As mentioned above, the sample sits in an ampoule that is mounted on the end of a long rod. This allows the ampoule to be slid in and out of the coil from above. The lower end of the rod is shown in the upper photo, whilst the lower photo shows the ampoule filled with a powder sample. The sample space in the ampoule is 4.5 mm long and 1 mm in diameter. For powder samples, best results are obtained if  >2.0 mm of the ampoule is filled. Powder samples should be packed down tightly (pushing the powder in using the shank of a clean 1mm drill bit works well). Hold the powder in place using a plug of silicone vacuum grease on top; motion of a loosely-packed powder can cause noise. Single crystals work best if they fit the ampoule snugly. The crystal should be cut so that the long axis is the one that you want parallel to H. Again, us silicone grease to hold the sample in place. Smaller crystals can be stacked, and held together with suitable glue.


Ampoules can be mailed to you so that you can mount samples at your home institute before coming to LANL- email                                  to get some.

examples of pulsed field M(H) data

Pulsed-field magnetometry data may be calibrated to give quantitative values of M (left-hand figure). Data are usually noise-free enough for accurate comparisons with theory (top right).  For samples that require higher fields, the extraction magnetometer may be used in the 100 T multishot magnet (lower right).




Some examples of pulsed-field magnetometry are give in the following papers, and references therein.


Manson et al., Angew. Chem. Int. Ed. 50, 1573 –1576 (2011).

Goddard et al., New J. Phys. 10, 083025 (2008).

Goddard et al., Phys. Rev. Lett. (2012)



susceptometry and the de Haas-van Alphen effect

Magnetic quantum oscillations provide the most accurate way of measuring the Fermi surface of a metallic sample. When observed in the magnetization, quantum oscillations are known as the de Haas-van Alphen effect. The frequencies of the oscillations give the cross-sections of the Fermi surface in plane perpendicular to B; their temperature dependence gives the effective mass.

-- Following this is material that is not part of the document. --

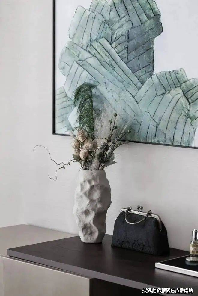 素雅的山石花瓶,还有嶙峋的中式挂画,以及香薰,都赋予了主卧满满的情调感。
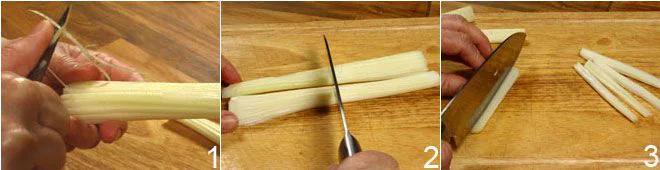Choose two tender celery stalks (the inner ones from the bunch of celery), remove the leaves at the ends, and eliminate any strings 1 by cutting into the base of each rib and pulling towards the opposite end. Cut the stalks into two parts of equal length 2 and then make sticks by cutting the pieces obtained lengthwise 3.

The samples used for de Haas-van Alphen measurements are metallic and tend to have low resistivities; eddy-current heating is therefor an issue, and the sample cross-sectional area should be relatively small. The coils used are therefore smaller than those in the magnetometer, typically with a bore of 0.5 mm. There is no ampoule, and the sample is held directly in the coil using silicone grease; consequently, there is no sample-out shot. Oscillations are observed directly in the differential susceptibility.


Samples should be single crystals, cut so that the long axis is parallel to the axis of interest. The samples should be >1 mm long and their cross-section should be small enough to fit within a 0.5 mm hole. Flat samples (platelets) can sometimes be fixed to the end of the coil.



examples of pulsed field de Haas-van Alphen data

The oscillations are observed in the differential susceptibility (top figure). Fourier transforms are used to reveal the frequencies present (lower figure). Each frequency represents a cross-sectional area of the Fermi surface in a plane perpendicular to the applied field.